Joel-Peter Witkin
L’oeuvre
Visitation, Paris/New Mexico (diptyque)
2004
27,1 x 27,5 cm
Tirage argentique
Le diptyque Visitation, Paris/New Mexico de l’Américain Witkin évoque un thème classique de la vie de Marie, mère de Jésus. Après avoir été informée par un ange qu’elle a été choisie pour être la mère d’un fils de Dieu, Marie rend visite à sa cousine Élisabeth, également enceinte de celui qui deviendra plus tard Jean-Baptiste.
Dans cette visite particulière, Witkin modifie la scène. Le visiteur n’est pas Marie, mais un prédicateur d’un certain âge, entièrement vêtu de blanc. Isabelle est une très jeune fille et tous deux se trouvent dans une baignoire qui annonce le culte du bain comme baptême purificateur. La colombe a été remplacée par un cheval également blanc qui apparaît à droite de la scène.

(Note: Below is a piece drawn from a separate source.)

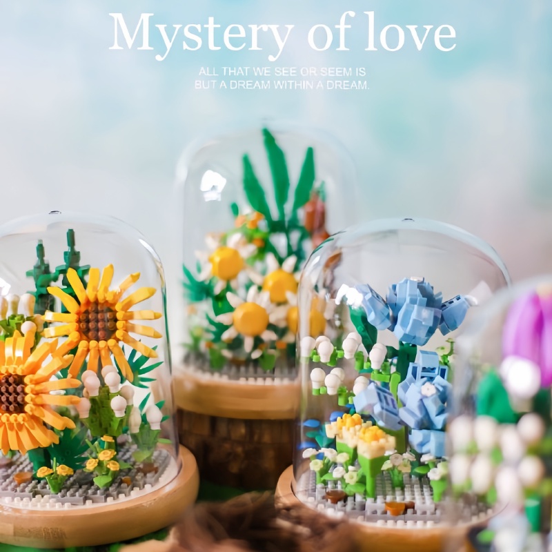 Eternal Flower Building Block Compatible With LEGO Flower Decoration Brick Bricks Bouquet With Transparent Display Cover

L’artiste utilise une technique de sursaturation de la lumière qui donne lieu à une scène où se croisent le rêve et la religion. La petite fille dans la baignoire, la couleur blanche, le cheval et le pasteur avec la Bible à la main créent une atmosphère inquiétante et irréelle.
En contraste, l’autre côté du diptyque est totalement différent. Une jeune femme nue, allongée sur un canapé ou un lit, se couvre les yeux. Sur son corps, les points essentiels de la maternité sont entourés de cercles tracés à l’encre noire. À côté du sexe, un petit squelette ajoute au mystère de l’ensemble de l’image, rappelant la célébration caractéristique de la mort dans la société mexicaine. La femme est allongée dans une pièce encombrée d’objets, avec une étrange silhouette qui passe apparemment inaperçue car elle est totalement floue et bougée (un ange ?). Alors que la partie gauche est nette et claire, la partie droite est floue, avec une présence étrange qui renforce le caractère onirique de l’ensemble.
L’artiste
(Brooklyn, N. York, 1939)
Parmi ses principales influences, Witkin cite Giotto, le peintre transcendantal toscan du XIVe siècle. Cette affirmation se comprend immédiatement à travers la composition et l’organisation des scènes photographiées par Witkin ; les images de profil, les volumes indépendants bien définis et la solennité des scènes sont renforcés par une intensité lumineuse éblouissante.
Ses photographies abordent souvent des thèmes et des sujets tels que la mort, le sexe, les cadavres (ou parties de corps) et des personnes telles que les nains, les transsexuels, les hermaphrodites ou les personnes présentant des malformations physiques. Ses compositions complexes évoquent souvent des passages bibliques ou des peintures célèbres, conférant à son art un caractère à la fois transgressif et surprenant. Il est considéré comme un « amoureux des indésirables, des blessés, des parias », et cette acceptation inconditionnelle caractérise généralement son œuvre, à l’instar de saint François d’Assise.
Son approche du processus physique de la photographie est très intuitive et consiste notamment à tacher ou à rayer le négatif. Malgré les controverses et le fait que les photographies de Witkin aient fait leur entrée dans le monde de l’art à une époque où les œuvres photographiques y étaient rarement présentes, il a eu l’opportunité de rejoindre les musées les plus modernes du monde, tels que la Bibliothèque nationale à Paris, le MoMA de San Francisco, le Stedelijk Museum d’Amsterdam, le MoMA de New York et le Whitney Museum.